I have just had a 12 week ultrasound scan for my third child. This is not a bundle of cells. At 11.5 weeks - previously around the cut-off for most legal abortions - this 'foetus' is a recognisable child with perfect fingers, 6.5mm feet and nasal bones in the recognisable skull! Also, there seems to be a degree of independent movement, as the ultrasound really seems to get those babies going!
At three weeks post-conception, yes, undoubtedly the baby is a bundle of cells. At twelve weeks, there is a tiny body already there.
I do not agree that referring a patient on to an abortion doctor is necessarily unethical - after all, the patient has come to the doctor for advice, and it would be unethical for the doctor to pass on what s/he knows as far as availability of legal medical services.

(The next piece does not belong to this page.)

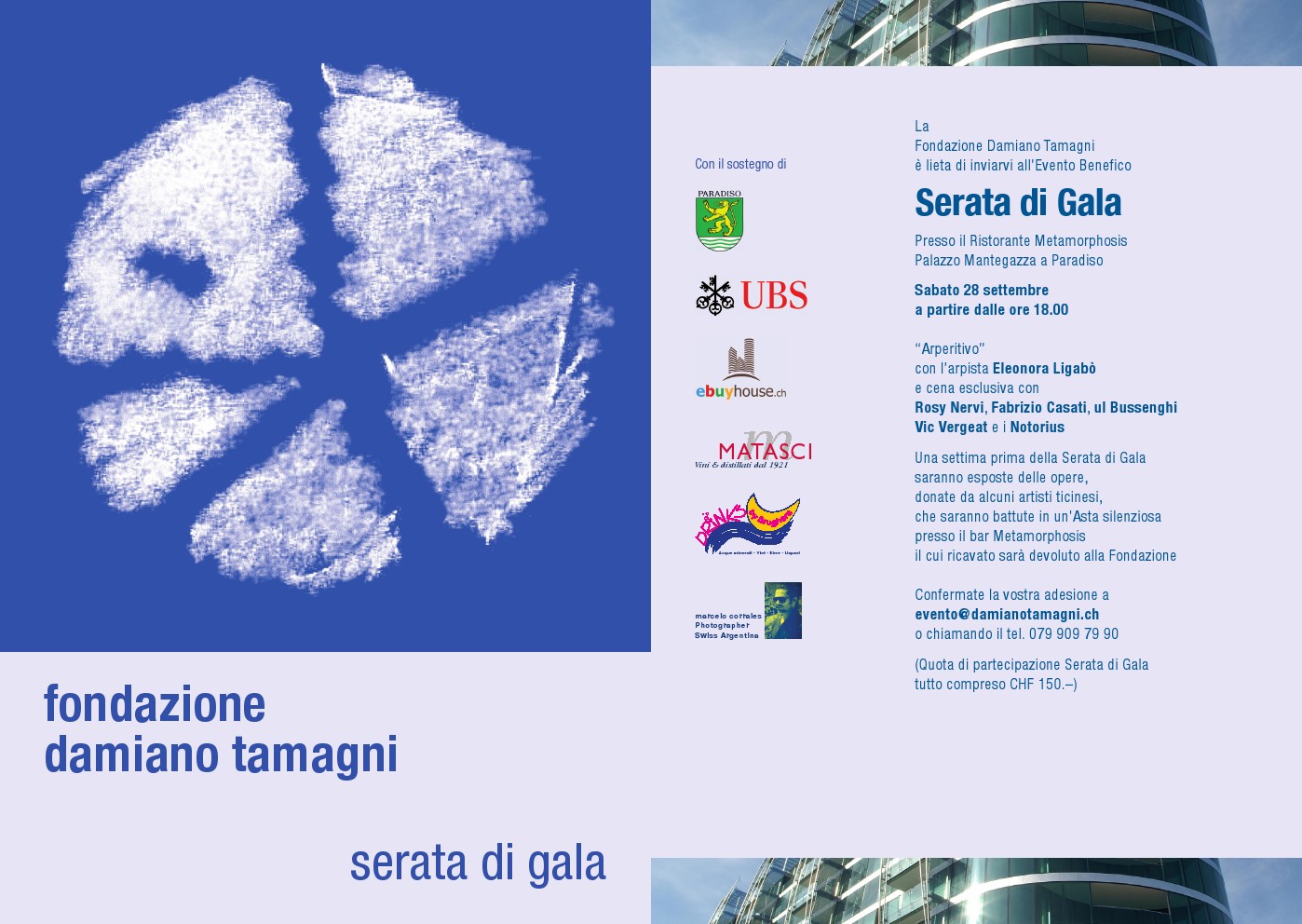La Fondazione Damiano Tamagni è lieta di invitarla alla serata di Gala di sabato 28 settembre 2013 presso Ristorante Metamorphosis, Palazzo Mantegazza a Lugano-Paradiso.

Surely, the current ethics of doctors would have any doctor work to preserve the mother's life, even if at the risk of her child/ren, in the event of an 'emergency' abortion (whatever that is).
Currently, women are provided with the option to abort foetuses that are identified as compromised through disability, such as Downs Syndrome. These procedures take place shortly after the three month conception mark.
However, the new laws provide for any lay person to demand the abortion of their unborn child to the point where so-called 'foetuses' can be viable premature babies.
That fact, in itself, tells me that the new legislation is compromised, and needs to be looked at again.